# Touring Morocco in an RV



## Scotjimland (May 23, 2005)

We have just returned to the UK after almost 6 months fulltiming, the highlight was without a doubt a 4 week tour of Morocco with "Desert Detours" .. it was a three week trip which we extended to four, returning by ourselves.

We choose to use Desert Detours as this was our first trip and felt that the knowledge and assistance from an experienced company would be invaluable.. 
This proved to be the case, Ray's knowledge of Morocco is extensive and the trip was simply amazing and IMO good value for money.

Would we do it again ?? YES YES .. we would love to go back and spend a lot more time but doing it at our own speed, 3 weeks is only time enough for a taster, the pace of the tour is quite hectic and crams in a lot in a short time. I would love to go back with another one or two RVs and spend 6 to 8 weeks.
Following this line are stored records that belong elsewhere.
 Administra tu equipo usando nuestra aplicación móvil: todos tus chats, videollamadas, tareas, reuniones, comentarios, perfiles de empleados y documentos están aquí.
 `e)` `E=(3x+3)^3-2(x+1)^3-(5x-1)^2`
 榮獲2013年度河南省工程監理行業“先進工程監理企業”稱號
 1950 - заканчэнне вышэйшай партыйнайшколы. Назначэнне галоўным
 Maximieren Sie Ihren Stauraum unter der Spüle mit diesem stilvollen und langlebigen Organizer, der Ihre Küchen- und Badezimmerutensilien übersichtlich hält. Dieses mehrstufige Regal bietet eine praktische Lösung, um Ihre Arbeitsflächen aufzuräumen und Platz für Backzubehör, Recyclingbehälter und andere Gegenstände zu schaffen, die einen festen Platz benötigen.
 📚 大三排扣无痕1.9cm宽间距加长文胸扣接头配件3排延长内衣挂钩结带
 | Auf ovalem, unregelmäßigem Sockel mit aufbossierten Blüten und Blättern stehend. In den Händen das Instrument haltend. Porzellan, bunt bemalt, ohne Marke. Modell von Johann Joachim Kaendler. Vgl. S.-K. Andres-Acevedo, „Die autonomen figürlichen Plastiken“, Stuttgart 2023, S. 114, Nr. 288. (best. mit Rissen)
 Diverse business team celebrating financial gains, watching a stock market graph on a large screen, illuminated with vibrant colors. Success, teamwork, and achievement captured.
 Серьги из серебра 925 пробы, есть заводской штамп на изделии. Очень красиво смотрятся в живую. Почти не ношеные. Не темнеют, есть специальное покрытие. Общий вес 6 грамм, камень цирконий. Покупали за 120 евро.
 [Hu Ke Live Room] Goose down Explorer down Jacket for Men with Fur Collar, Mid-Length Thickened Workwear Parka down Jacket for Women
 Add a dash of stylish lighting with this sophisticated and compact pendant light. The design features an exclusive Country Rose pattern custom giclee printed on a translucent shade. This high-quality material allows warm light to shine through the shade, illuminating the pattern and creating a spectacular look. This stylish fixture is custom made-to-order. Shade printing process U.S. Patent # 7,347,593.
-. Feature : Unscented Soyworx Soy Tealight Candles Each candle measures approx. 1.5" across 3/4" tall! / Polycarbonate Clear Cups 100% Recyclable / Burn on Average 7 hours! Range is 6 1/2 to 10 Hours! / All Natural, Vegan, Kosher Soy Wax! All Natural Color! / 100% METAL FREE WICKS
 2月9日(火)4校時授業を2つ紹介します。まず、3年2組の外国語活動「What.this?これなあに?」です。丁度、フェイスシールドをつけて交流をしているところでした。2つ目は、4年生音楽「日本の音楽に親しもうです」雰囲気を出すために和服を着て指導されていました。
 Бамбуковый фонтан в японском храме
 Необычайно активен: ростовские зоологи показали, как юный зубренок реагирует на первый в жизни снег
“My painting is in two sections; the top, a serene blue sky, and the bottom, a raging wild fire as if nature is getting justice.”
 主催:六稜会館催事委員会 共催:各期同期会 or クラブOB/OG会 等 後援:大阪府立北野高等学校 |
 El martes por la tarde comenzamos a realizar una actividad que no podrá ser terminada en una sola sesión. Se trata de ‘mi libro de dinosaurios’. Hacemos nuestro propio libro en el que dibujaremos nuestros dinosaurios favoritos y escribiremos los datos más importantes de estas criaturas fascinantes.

Morocco is motorhome heaven, the people are friendly and we never ever felt insecure or scared to wild camp or wander around the town on our own. 
Sites are basic but all the ones we used were fine for an RV. The roads are generally well surfaced but rather narrow for an RV, great care is required when passing oncoming trucks, they don't give way, George bears the scar of an encounter with a road sign !

Here are a few pics and some site info :

1.Meknes.

Site within the old city walls, easy walk to city centre, hook up(6amp) basic toilets.

2. Azrou

Wild camping in the pine forest with wild monkeys all around 









3. Source Bleue Near Errachidia

Campsite not suitable for large outfits but wild camping outside gate. 

















4. Todra Gorge

Excellent site with, pool, cafe' and laundry facilities. 

















5. Quarzazate

Site within city limits, busy but good facilities.

6. Marrakech

Good site about 6 miles out on Casablanca Rd. 









7. Essaouira

Small shady site close to the beach and town, toilets and hook up, busy, but good location. 









8. Merzouga

Camping in the Sahara desert by huge sand dunes. 








































































Our Route (in purple)










If you need more info on these locations or touring in Morocco please email me .. at [email protected]


----------



## 96097 (Aug 22, 2005)

Brilliant Jim - Makes great reading, and pics are superb.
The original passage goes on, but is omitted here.